The festival had 16,000 visitors attending conversations, workshops and screenings. The Viral Fever's new web-series called Inmates had its premiere at the festival, five days before its official launch.

The festival saw the likes of Ashutosh Gowariker, Devdutt Pattanaik, Nikkhil Advani, Irshad Kamil, Prajakta Koli, Nidhi Bisht, Neha Dhupia, Dia Mirza, Kunal Kapoor, Baradwaj Rangan, Kunal Kohli, Harsh Beniwal, Prahlad Kakkar, Siddharth Mahadevan, Vasan Bala and over 80 other speakers.

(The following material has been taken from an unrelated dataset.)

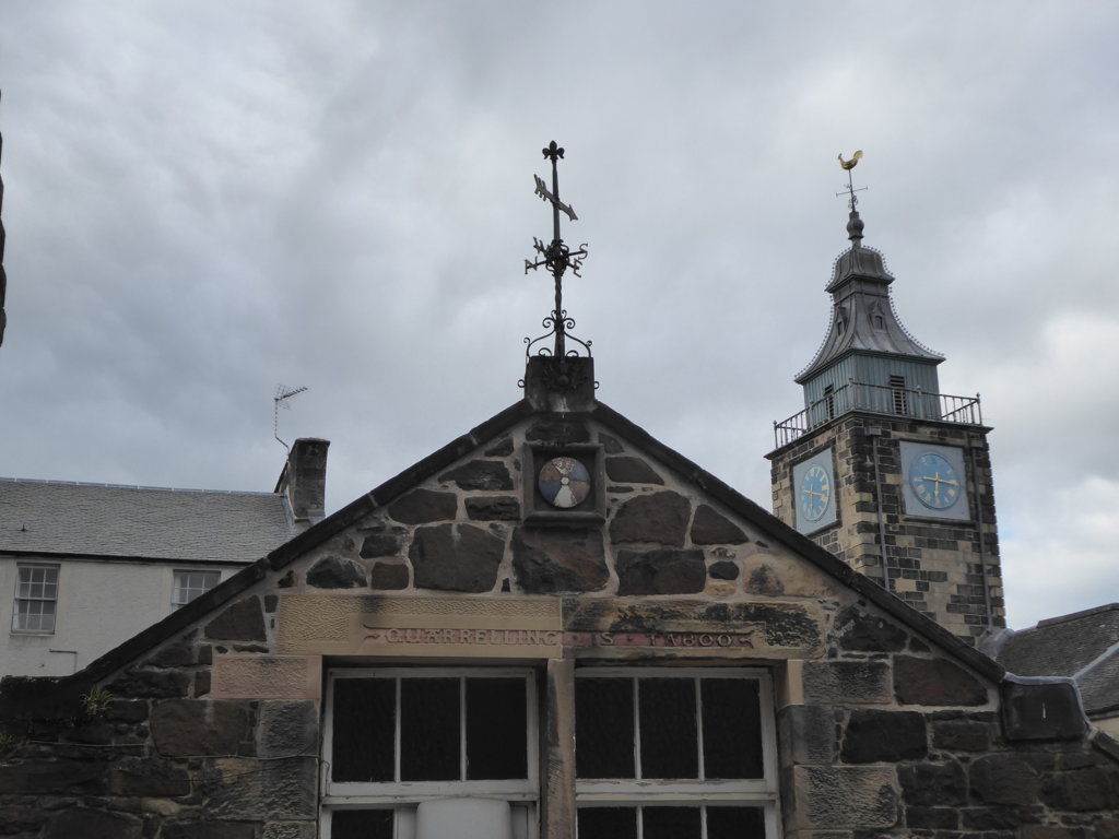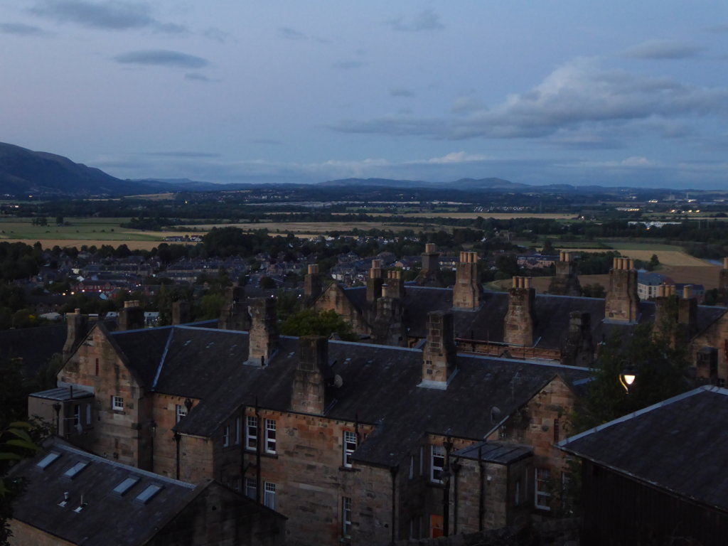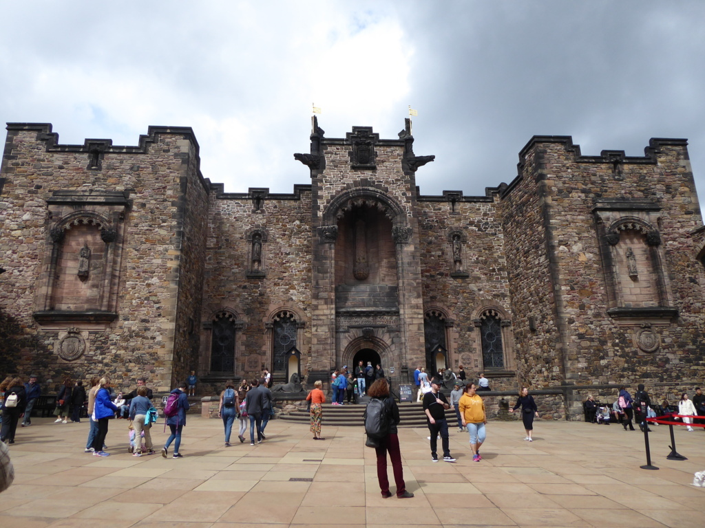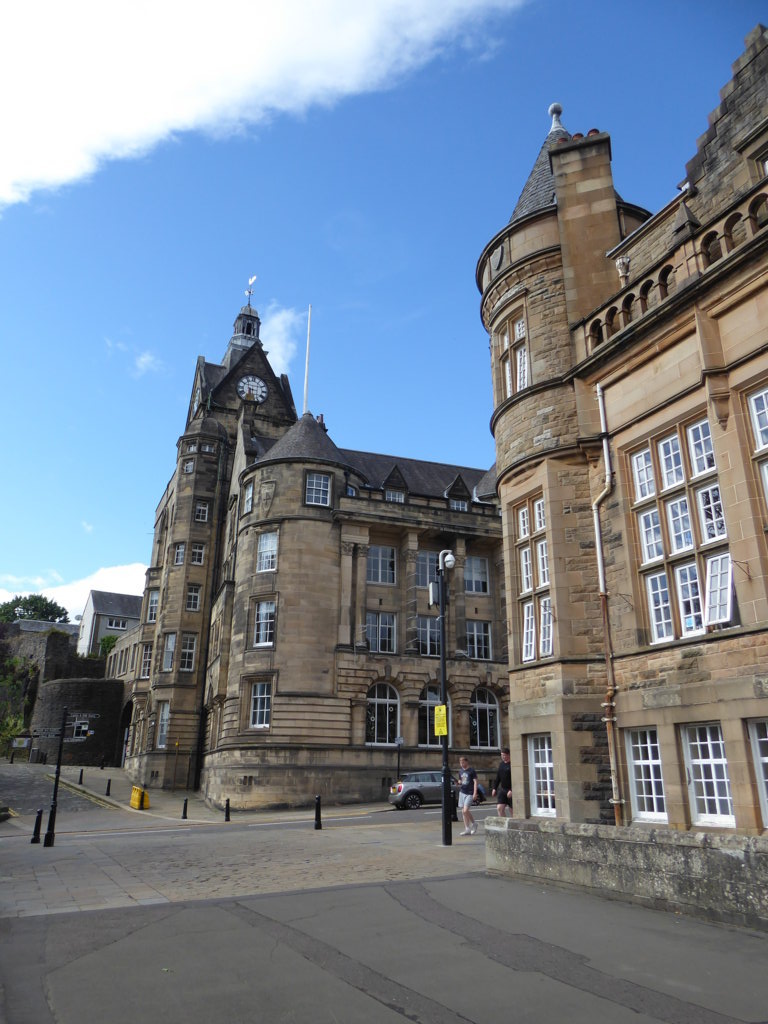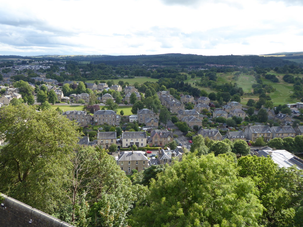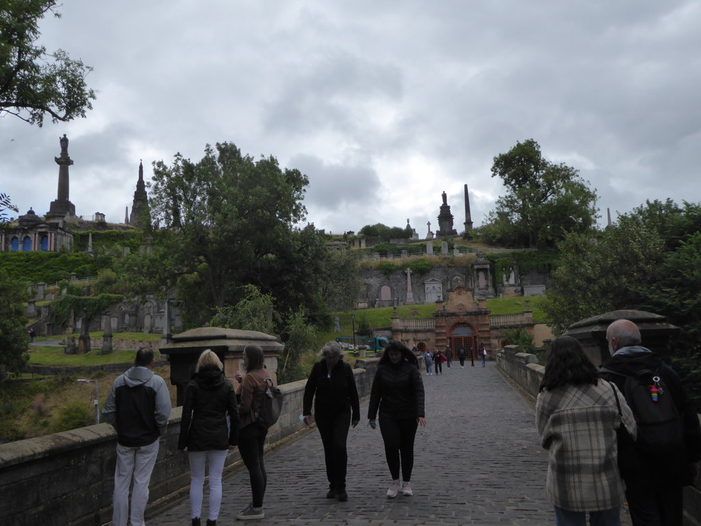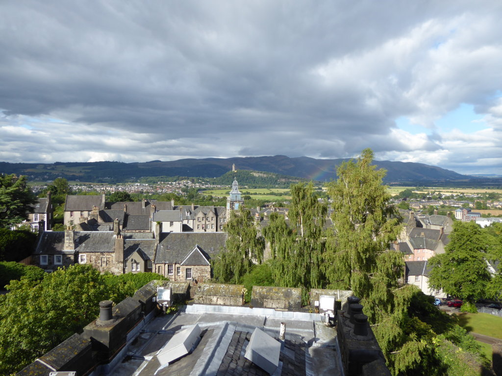 Arrivati a Stirling parcheggiamo nel Linden avenue car park dove non ci sono divieti per la sosta notturna (2 sterline per le 24 ore). Passeggiata di circa 20 minuti (in salita) per raggiungere la Old Town , raccolta sotto il castello, fortezza inespugnabile situata sulla cima di un possente dirupo boscoso (il tappo di un vulcano estinto) . E’ un dedalo di edifici grandiosi e di strade acciotolate che salgono tortuosamente verso il nucleo centrale raccolto sotto al castello. “Prendi Stirling e controllerai la Scozia” : questa massima conferma l’importanza strategica del castello, confermata dalla presenza di una fortezza in questo luogo fin dall’era preistorica. L’attuale struttura risale al XIV-XVI secolo, quando fu eletto a residenza degli Stuart : non visiteremo però le strutture del castello (Great Hall, Royal Chapel, Great kitchens, Tapestry Studio…) né il Royal Palace e la Prince’s Tower (suite di sei camere , tre per il re e tre per la regina, con i soffitti decorati, i camini, gli arazzi) restaurato di recente in un sontuoso tripudio di colori, perché arriviamo quando oramai gli ingressi sono bloccati . Propendiamo quindi per l’unica visita che l’orario ci consente : la Old Jail . Un attore in costume, impersonando diversi ruoli con cambi d’abito, ci illustra in modo coinvolgente i due periodi della storia penitenziaria : dalle vecchie prigioni che avevano la fama di essere le peggiori di Inghilterra (Tolbooth, costruzione poco distante, ora riconvertita in un centro per la musica e le arti) dove ogni crudeltà era giustificata da una logica unicamente punitiva, a quella riformata ed illuminata, ispirata dall’idea del recupero e della riabilitazione sociale e lavorativa. La visita alla torre ci regala una vista a perdita d’occhio sulla città e sulla regione : a parte i raggi di sole che filtrano tra le nuvole incrociati (proprio come il tartan scozzese ! ) e l’arcobaleno, avvistiamo il misterioso Wallace Monument, una torre in stile gotico vittoriano circondata voli di corvi e pipistrelli e dedicata a Braveheart : William Wallace (nato in Scozia nel 1270 e morto a Londra nel 1305) il leggendario combattente per l’indipendenza scozzese soprannominato Hammet of the Scots (il martello degli scozzesi) , divenne eroe nazionale per aver guidato una insurrezione contro Edoardo I d’Inghilterra che nel 1296 aveva deposto e imprigionato il re di Scozia John Balliol. Nel 1297 a capo di 30 uomini assalì la cittadina di Lanark, uccidendo il governatore inglese e sconfisse gli inglesi in una prima battaglia ; venne quindi proclamato Guardiano del regno, ma venne sconfitto dagli inglesi a Falkirk nel 1298 ; nel 1305 fu catturato , processato, torturato e giustiziato a Londra. Le sue vicende ispirarono il film di Mel Gibson del 1995, vincitore di 5 premi Oscar, non pienamente fedele alla intricata vicenda storica. Entriamo poi nel cortile della Church of the Holy Rude, una delle più belle chiese medioevali della Scozia, circondata dal vecchio cimitero .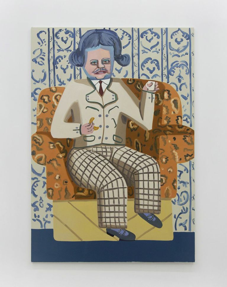 Looking toward the matronly but androgynous figure on the fourth wall, the Lars Von Trier woman completes the circle. Sitting on a big easy chair that rests atop a crate, the final figure, sporting a Thatcher-esque helmet hairdo and Mary Jane shoes, stares defiantly at the viewer, a biscuit in one hand and a diminutive teacup in the other.

Cinthol, Maruti Suzuki, Hotstar, Nokia and Gujarat Tourism were the main sponsors of the event.

=== Season 8 ===

IFP Season 8 saw over 32,000 filmmakers participating and producing 1,550 short films in a duration of 50 hours. The eighth season saw participation from over 300 cities and 30 countries, with teams coming in from USA, UK, Ireland, Australia, Singapore, Dubai, Germany, China, France and more. This was the first time that IFP declared separate theme for each of its categories, namely Professional, Amateur and Mobile. The jury for the 50 Hour Filmmaking Challenge were Sudhir Mishra, Milan Luthria and RS Prasanna.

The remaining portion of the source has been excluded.